This is the third extension Spain gives British licence holders since Brexit meant their UK-issued documents became unrecognised by the common EU framework, the first extension being announced in June 2021 and the second one in October.

The two-month grace period does not give UK licence holders who reside in Spain and registered their intent to exchange more time to do so at Spain’s often overburdened DGT traffic authority; the deadline remains December 31st 2021.

But it does give them and those who didn’t register their intent to exchange more time to drive legally in Spain and potentially sit their Spanish driving test as a safeguard, or hope for a deal between UK and Spanish authorities.

We recognise that the extension is relatively short, and therefore it is important that – if it is imperative for you to drive – you consider all your options, which may include looking into taking a driving test now,” the Embassy headed by UK Ambassador to Spain Hugh Elliott stressed.

The news comes just days after Italian authorities gave British residents in their country 12 more months to continue using their UK driving licences in Italy while they also engage in negotiations with the British government.

On the subject of a potential deal between Spain and the UK, the embassy wrote: “As you know, the UK Government is committed to reaching a long-term agreement with Spain so that residents can exchange their UK driving licences without taking a test. 

“Negotiations are continuing and we stand ready to conclude that agreement as soon as possible. 

“But unfortunately we are not there yet.”

In an earlier Facebook video, UK Ambassador Hugh Elliott admitted that “many of you have also rightly pointed out that Spaniards resident in the UK are able to exchange their Spanish licence for a UK one without taking a practical test”. 

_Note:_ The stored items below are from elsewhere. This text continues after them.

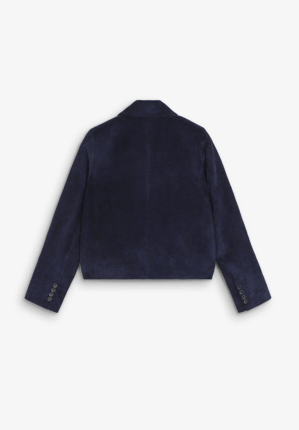 Corduroy blazer with notch lapel. Long sleeves. Double-breasted button fastening at front. Two front flap pockets. Button fastening at cuffs.
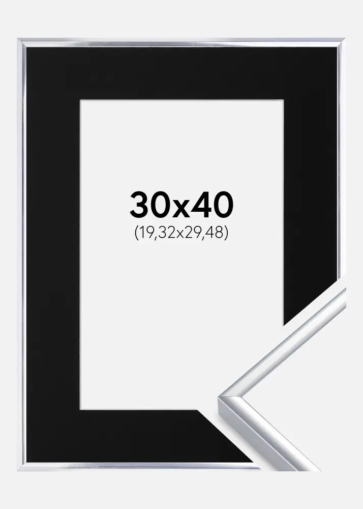 Frame Aluminium Shiny Silver 30x40 cm - Picture Mount Black 8x12 inches
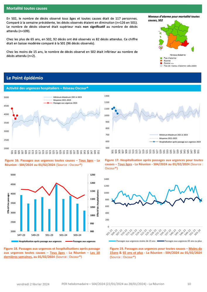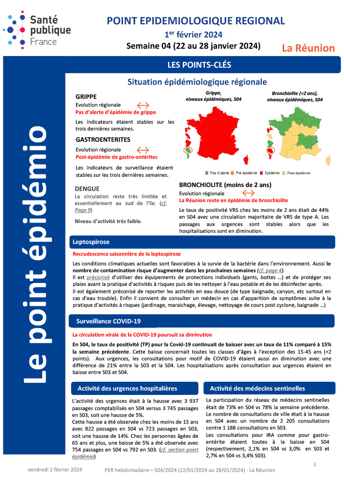 - Bronchiolite chez les moins de 2 ans : La Réunion reste en épidémie de bronchiolite. Le taux de positivité VRS chez les moins de 2 ans était stable à 44% en S04 avec une circulation majoritaire de VRS de type A.
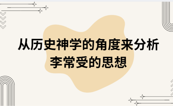 下面从历史神学(Historical Theology)的角度,对李常受(Witness Lee)的 […]

After a long wait for answers, UK licence holders in Spain are now hoping that a reciprocal agreement can finally be reached to solve this Brexit-induced obstacle.

It is unclear yet if any future agreement would be beneficial just to British residents who are protected under the Withdrawal Agreement or other UK licence holders who have moved or will move to Spain to become residents after Brexit came into force on January 1st 2021.

Unless Spain has a bilateral agreement with a third country for the recognition and exchange of licences, most non-EU driving licence holders have six months from their arrival in Spain to use their foreign licences.

After that, they have to sit theory and practical tests and get a Spanish licence from scratch.

This doesn’t apply to British tourists with UK licences visiting Spain who are for example renting a car during their holidays. The issues affect UK licence holders who are residents in Spain.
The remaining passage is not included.